One may assume that the graphene-like titanium nano-carbides can become successful precursors for the TiC_x nanotubes (NTs). The results [20] open also other interesting prospects. A further possibility to update the properties of the proposed TiC_x nanotubes arises from their decoration by various atoms or functional groups – e.g., like in experiments [20], where the exfoliated species Ti₃C₂ were terminated by OH groups and/or by fluorine ions from aqueous environment. Moreover, since about ∼70 synthesized MAX phases are known [21], [22], [23], [24], [25], [26], the preparation of other graphene-like carbides and nitrides of Sc, Ti, V, Cr, Zr, Nb, Mo, Hf and Ta may be proposed, and, in turn, these species may be considered as precursors for rolled up nano-forms of these carbides or nitrides – such as nanoscrolls or nanotubes.

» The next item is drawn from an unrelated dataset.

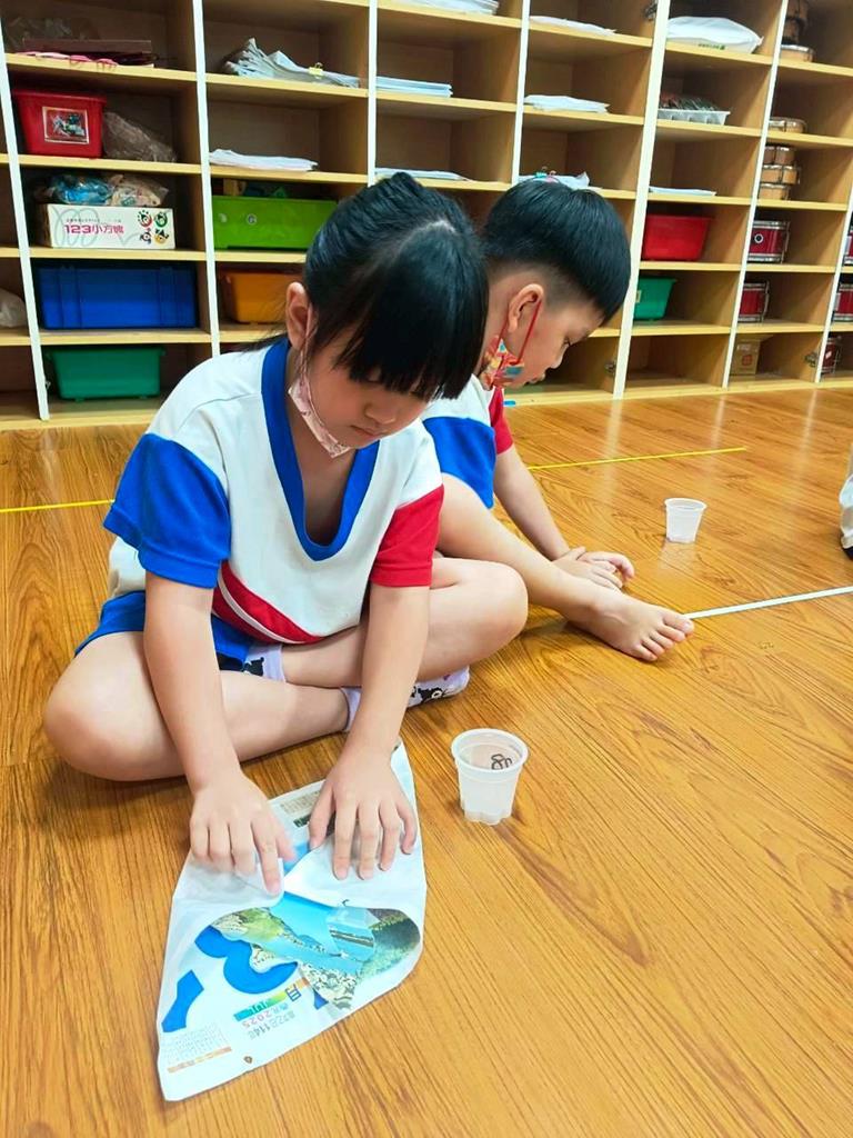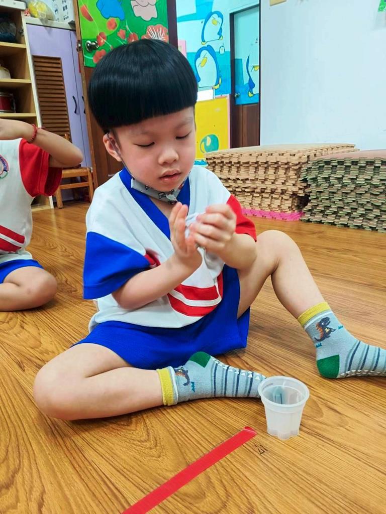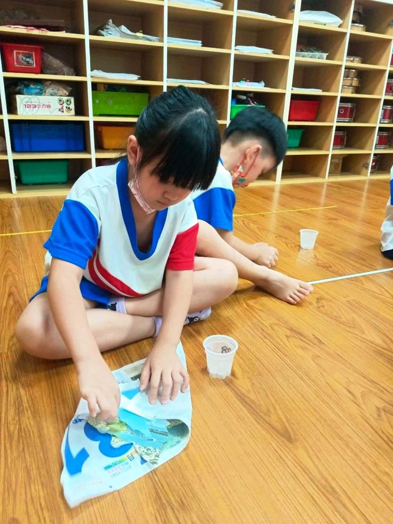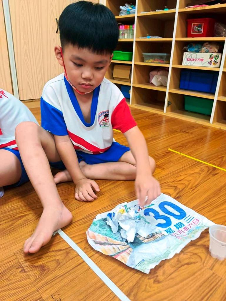 老師邀請幼兒進行撕紙遊戲,並自己數一數誰的比較多片呢?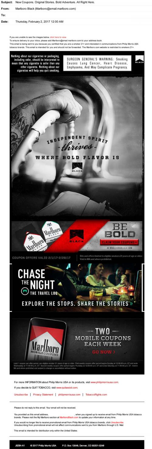 Email from Marlboro Black in February 2017 linking to the brand website to claim monthly coupons. Also reminds the recipient to access the brand website with a mobile phone or other device in order to get extra weekly coupons. Links to the current Chase the Night feature, a nightlife travel log.

Following these circumstances, in this work we present the atomistic models and report the results of DFTB simulations of stability and electronic properties for TiC_x nanotubes, constructed from graphene-like sheets Ti₂C and Ti₃C₂ – as building blocks of Ti₂AlC and Ti₃AlC₂ MAX phases. Besides, the models of hydroxylated Ti₂C, and Ti₃C₂ nanotubes (Ti₂C(OH)₂, and Ti₃C₂(OH)₂ NTs) are examined, taking into account that the experimentally exfoliated species Ti₃C₂ were terminated by OH groups. This choice allows to examine the properties of proposed TiC_x NTs as a function of their composition (Ti₂C versus Ti₃C₂) and to consider the influence of OH termination on electronic properties and comparative stability of these novel tubular structures.